Krakowska Prokuratura Regionalna wciąż nie znalazła dowodów, by w legnickim mieszkaniu wynajmowanym przez prostytutkę od posła Roberta Kropiwnickiego doszło do przestępstwa. Prokuratorzy nie ustają jednak w wysiłkach. Jak się dowiedzieliśmy, bezowocnie śledztwo przedłużono do marca.
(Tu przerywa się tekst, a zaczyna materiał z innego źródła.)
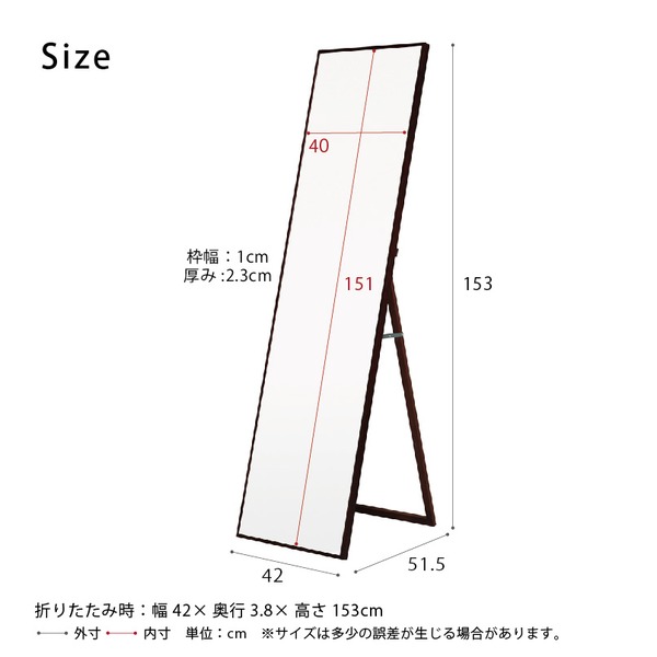 細枠スタンドミラー () 天然木/姿見鏡/ワイド/高級感/木製/飛散防止加工/折りたたみ/北欧風/日本製/完成品/NK-3
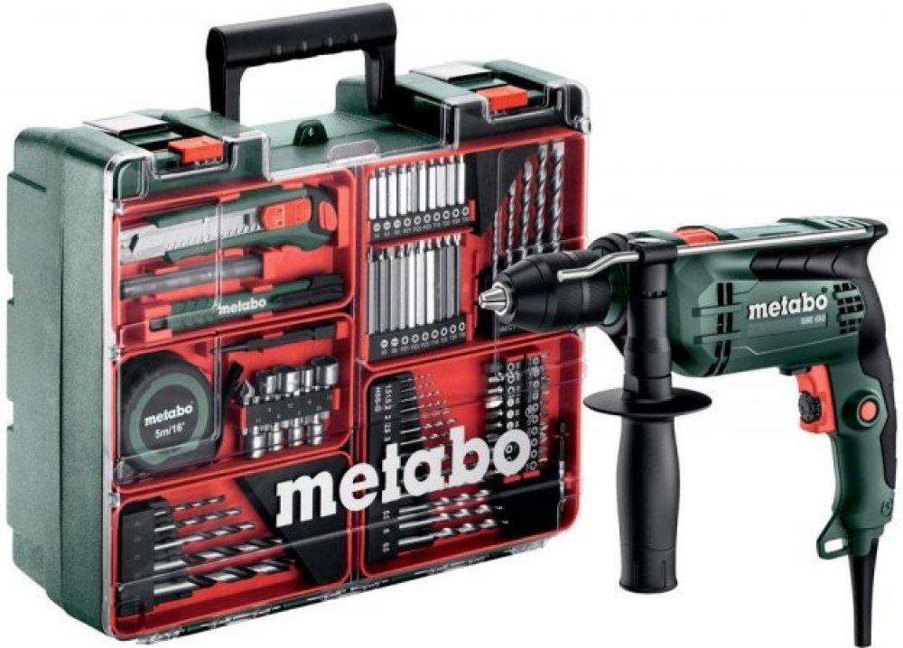 Příklepová vrtačka s příslušenstvím METABO SBE 650 MOBILNÍ DÍLNA Popis produktu příklepová vrtačka METABO SBE 650: Mobilní dílna: Plastový kufr vč. bohatého příslušenství k vrtání, šroubování a více Elektronika Vario (V) k práci s odpovídajícími otáčkami Kolečko pro nastavení předvolby otáček Pravý/levý chod Vřeteno s vnitřním šestihranem pro šroubovací bity k práci bez upínacího pouzdra Parametry...
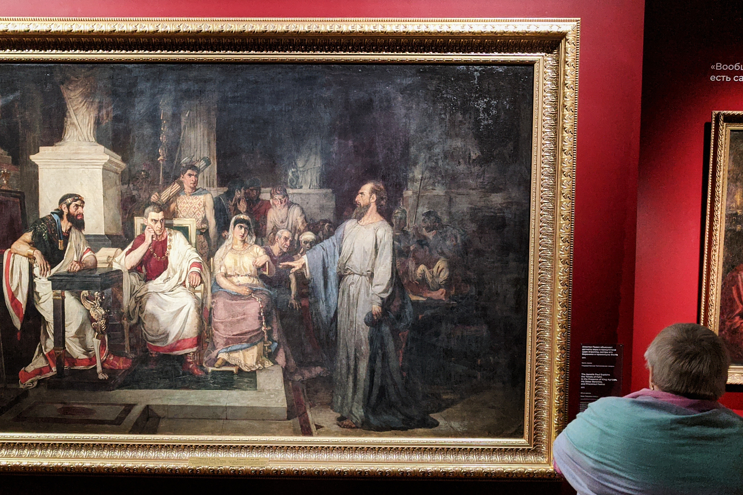 Этот сопроводительный материал занимает одну из стен целиком, а с другой стороны представлены работы художника разных лет: от раннего «Княжьего суда», написанного во время учебы в Академии художеств до большого исторического полотна «Степан Разин», написанного в 1906 году и частично переписанного четыре года спустя.
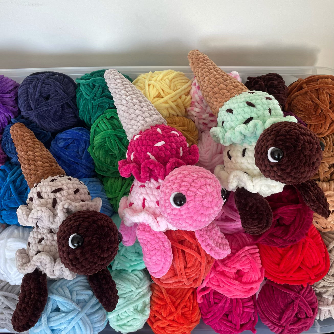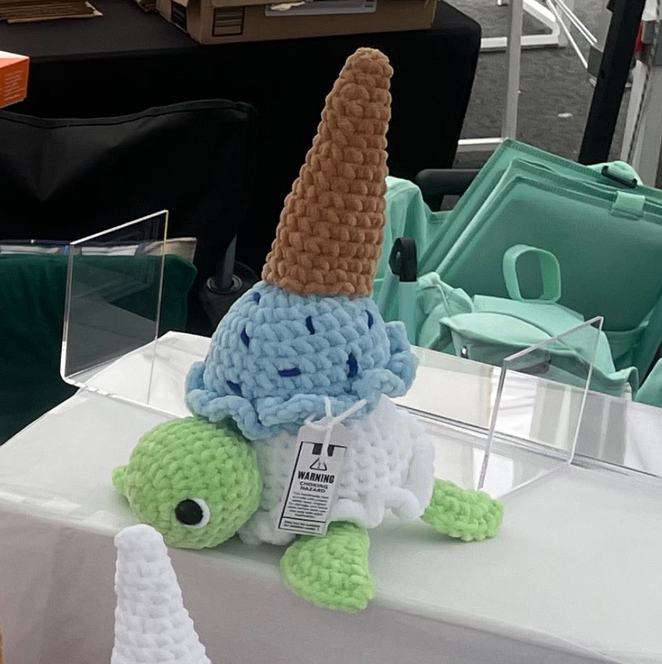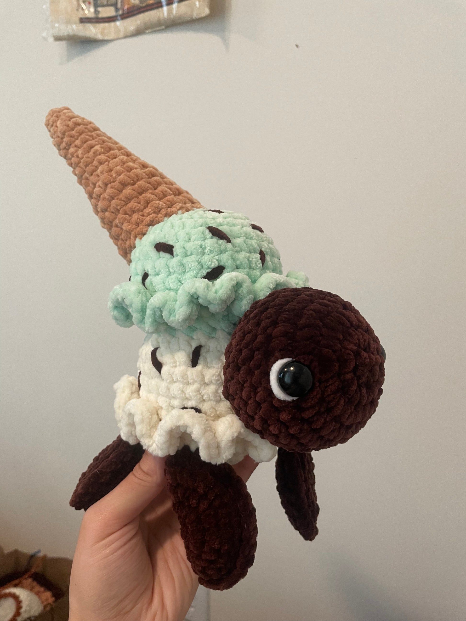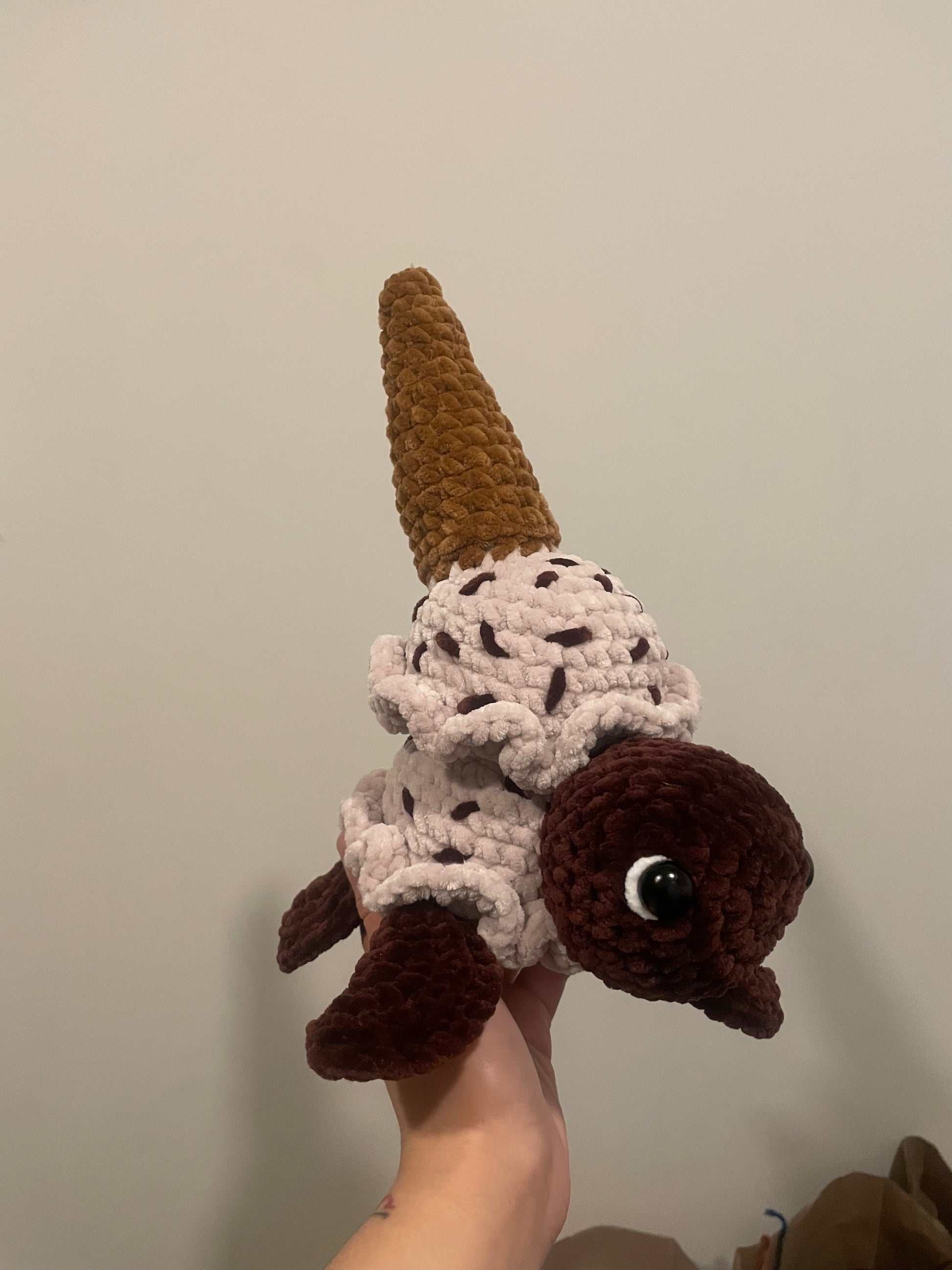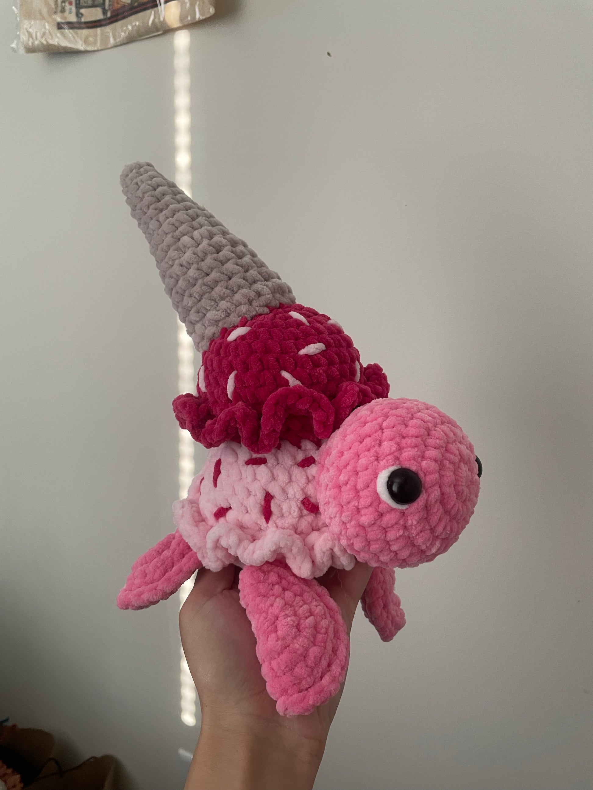 A double-scoop ice cream turtle handmade by @cocorocrochet. It features color customizable cone, scoops, head, and fins. Scoops may include sprinkles or sauce drizzled on top. To custom order a specific color/flavor combination or add special requests, head over to the custom order request form.
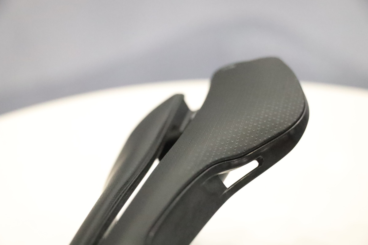 形状はコンパクトな240×140mmで、T字型かつセミラウンドプロファイルを採用。次世代の可変密度フォームと圧力解析により、ペダリング中のあらゆる局面で安定した座り心地を提供する。また、NACKカーボンレールをサイドウイングで覆う独自構造により、空気の流れを最適化し高いエアロ性能を発揮する。
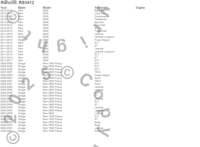 Below is an abbreviated list of applications for the RS5000 Steering Damper.2500, 3500, 3500 (Canadian), RAM 1500 PICKUP, RAM 1500 PICKUP (Canadian), RAM 2500 PICKUP, RAM 3500 PICKUP, DODGE, RAM, 2013, 2012, 2011, 2008, 2007, 2006, 2005, 2004, 2003, 2002, 2001

Pretekstem do wszczęcia postępowania było ujawnienie, że osobą wynajmującą mieszkanie posła jest prostytutka. Najpierw Prokuratura Okręgowa w Legnicy, a obecnie Prokuratura Regionalna w Krakowie sprawdzają, czy kobieta mówi prawdę, że pracowała na własny rachunek i że nikt poza nią nie uprawiał w tym lokalu nierządu. Postępowanie toczy się już pół roku.
- Postanowieniem Zastępcy Prokuratora Regionalnego w Krakowie z dnia 5 grudnia 2016 roku okres śledztwa w tej sprawie został przedłużony do dnia 7 marca 2017 roku. Dotychczas poczynione ustalenia dowodowe nie dostarczają podstaw do przedstawienia zarzutu popełnienia przestępstwa sutenerstwa którejkolwiek z osób objętych zainteresowaniem postępowania – poinformował nas prokurator Włodzimierz Krzywicki, rzecznik prasowy Prokuratury Regionalnej w Krakowie.
Robert Kropiwnicki utrzymuje, że przy wynajmowaniu mieszkania korzystał z pośrednictwa biura nieruchomości. Nie kontaktował się z najemczynią. Nie wiedział, że kobieta zajmuje się nierządem. Czynsz odbierał za pośrednictwem biura nieruchomości. Pierwszym sygnałom od lokatorów, że mieszkanie odwiedzają klienci prostytutki, nie dowierzał. Gdy o sprawie zaczęły pisać prawicowe media, wypowiedział umowę najmu. Kilka miesięcy później wiceminister sprawiedliwości Patryk Jaki z mównicy sejmowej zasugerował, że Kropiwnicki prowadzi w Legnicy agencję towarzyską. Legnicki poseł odpowiedział pozwem przeciwko Jakiemu. Sprawa w sądzie trwa.